# Activity
Only the lines below from the one containing "Более 700 километров" through the last line should be set down, exactly as written and with no pictures.

# Supplied material
________________________
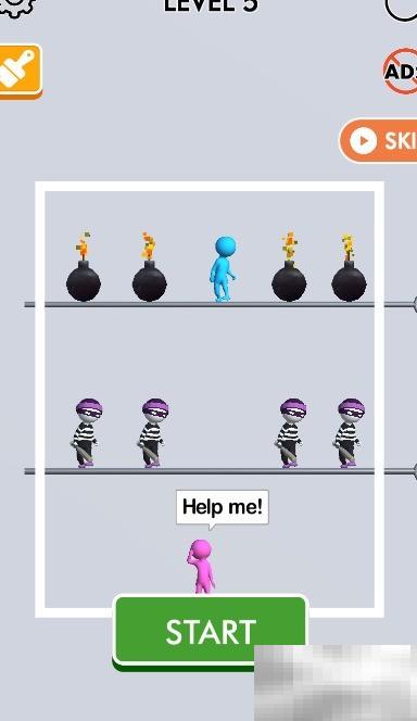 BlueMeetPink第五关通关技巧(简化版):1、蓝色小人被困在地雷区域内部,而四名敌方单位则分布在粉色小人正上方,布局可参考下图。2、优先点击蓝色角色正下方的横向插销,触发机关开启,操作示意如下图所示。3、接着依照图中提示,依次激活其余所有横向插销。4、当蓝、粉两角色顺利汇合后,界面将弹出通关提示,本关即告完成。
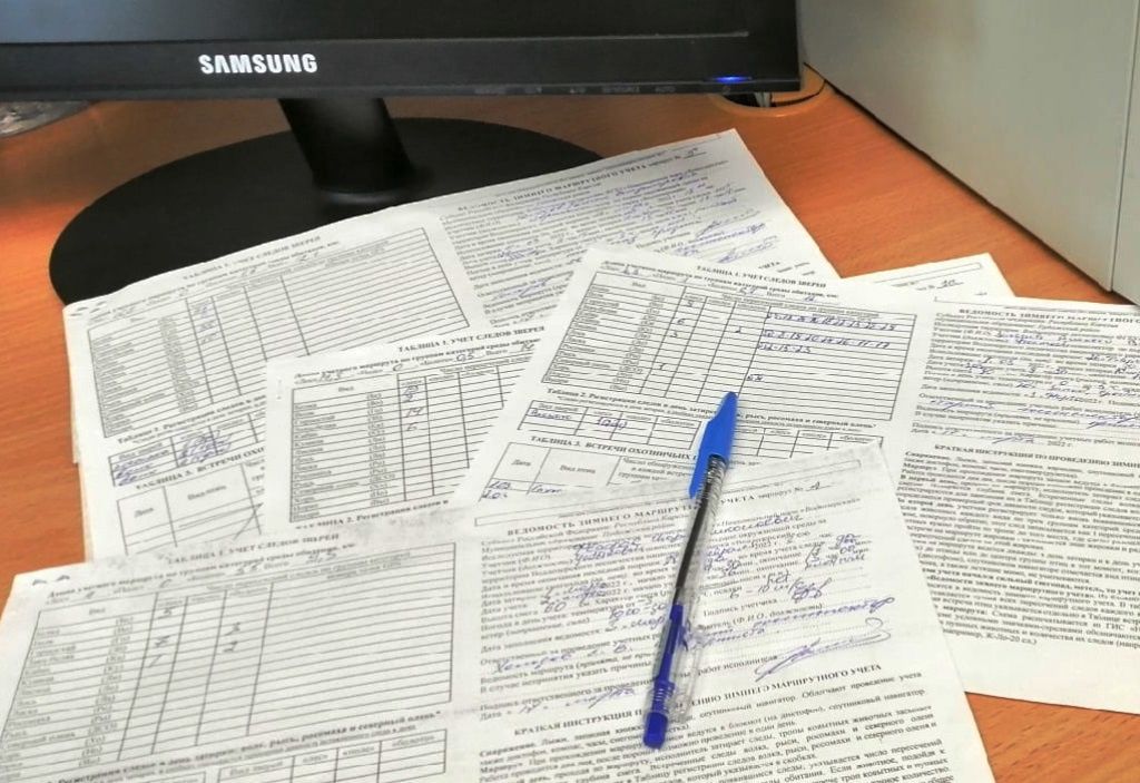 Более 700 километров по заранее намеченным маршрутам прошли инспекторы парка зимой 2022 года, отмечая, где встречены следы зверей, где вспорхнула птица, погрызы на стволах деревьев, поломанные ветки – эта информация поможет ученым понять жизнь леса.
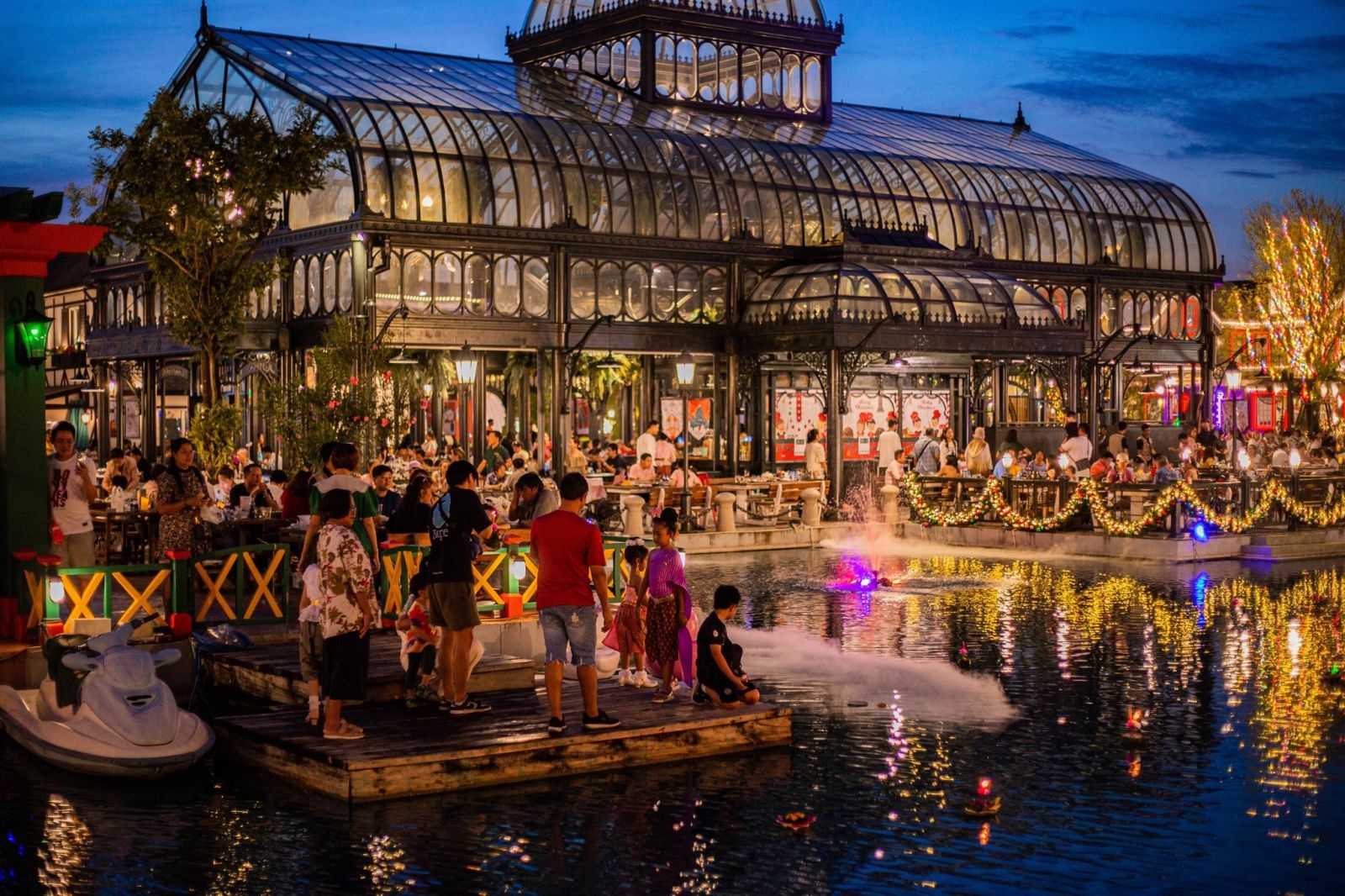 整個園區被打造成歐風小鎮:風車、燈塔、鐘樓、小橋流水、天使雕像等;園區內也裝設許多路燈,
________________________
# Output of the exercise
 Более 700 километров по заранее намеченным маршрутам прошли инспекторы парка зимой 2022 года, отмечая, где встречены следы зверей, где вспорхнула птица, погрызы на стволах деревьев, поломанные ветки – эта информация поможет ученым понять жизнь леса.
 整個園區被打造成歐風小鎮:風車、燈塔、鐘樓、小橋流水、天使雕像等;園區內也裝設許多路燈,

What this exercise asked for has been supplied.